(Source material):
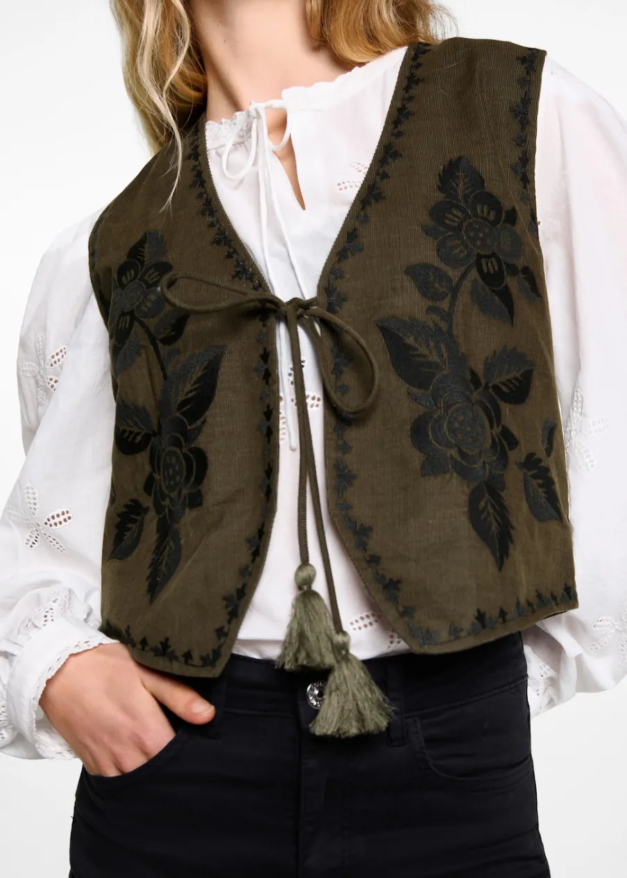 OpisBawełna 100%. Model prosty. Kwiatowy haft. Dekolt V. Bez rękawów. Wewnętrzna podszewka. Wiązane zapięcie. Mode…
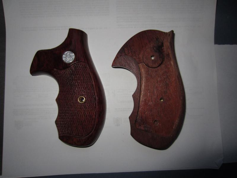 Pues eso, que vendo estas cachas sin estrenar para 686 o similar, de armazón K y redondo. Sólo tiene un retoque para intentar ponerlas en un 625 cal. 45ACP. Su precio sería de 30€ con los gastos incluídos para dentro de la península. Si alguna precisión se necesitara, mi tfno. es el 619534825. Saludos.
==
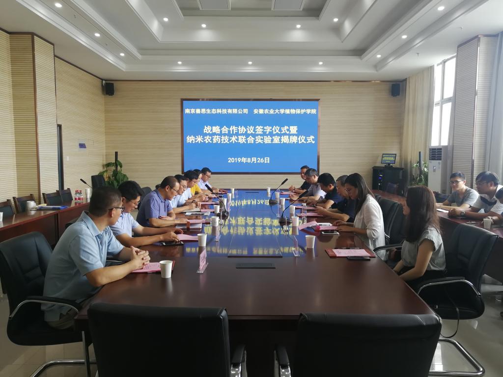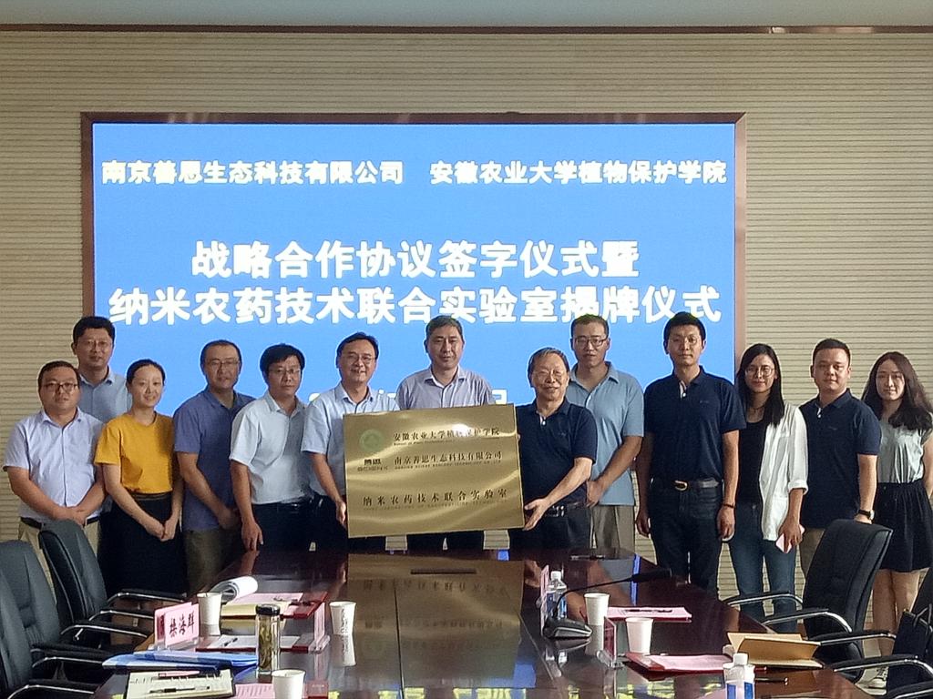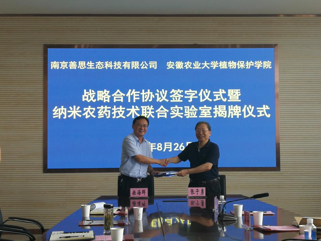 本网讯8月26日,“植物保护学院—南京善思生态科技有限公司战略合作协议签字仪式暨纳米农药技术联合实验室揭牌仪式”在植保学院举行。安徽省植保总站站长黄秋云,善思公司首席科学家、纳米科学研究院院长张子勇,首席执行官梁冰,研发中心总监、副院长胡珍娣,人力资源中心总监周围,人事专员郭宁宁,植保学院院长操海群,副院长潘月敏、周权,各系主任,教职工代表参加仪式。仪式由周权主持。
---
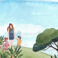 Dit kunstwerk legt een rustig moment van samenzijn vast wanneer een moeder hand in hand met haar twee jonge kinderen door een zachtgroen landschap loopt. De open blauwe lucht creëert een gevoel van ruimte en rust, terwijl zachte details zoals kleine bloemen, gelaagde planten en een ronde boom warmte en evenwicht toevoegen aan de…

(About this exercise):
From the records above, transcribe exactly the lines starting at the one containing "OpisBawełna 100%. Model" and ending at the one containing "Pues eso, que". Skip the pictures.

(Response area):
 OpisBawełna 100%. Model prosty. Kwiatowy haft. Dekolt V. Bez rękawów. Wewnętrzna podszewka. Wiązane zapięcie. Mode…
 Pues eso, que vendo estas cachas sin estrenar para 686 o similar, de armazón K y redondo. Sólo tiene un retoque para intentar ponerlas en un 625 cal. 45ACP. Su precio sería de 30€ con los gastos incluídos para dentro de la península. Si alguna precisión se necesitara, mi tfno. es el 619534825. Saludos.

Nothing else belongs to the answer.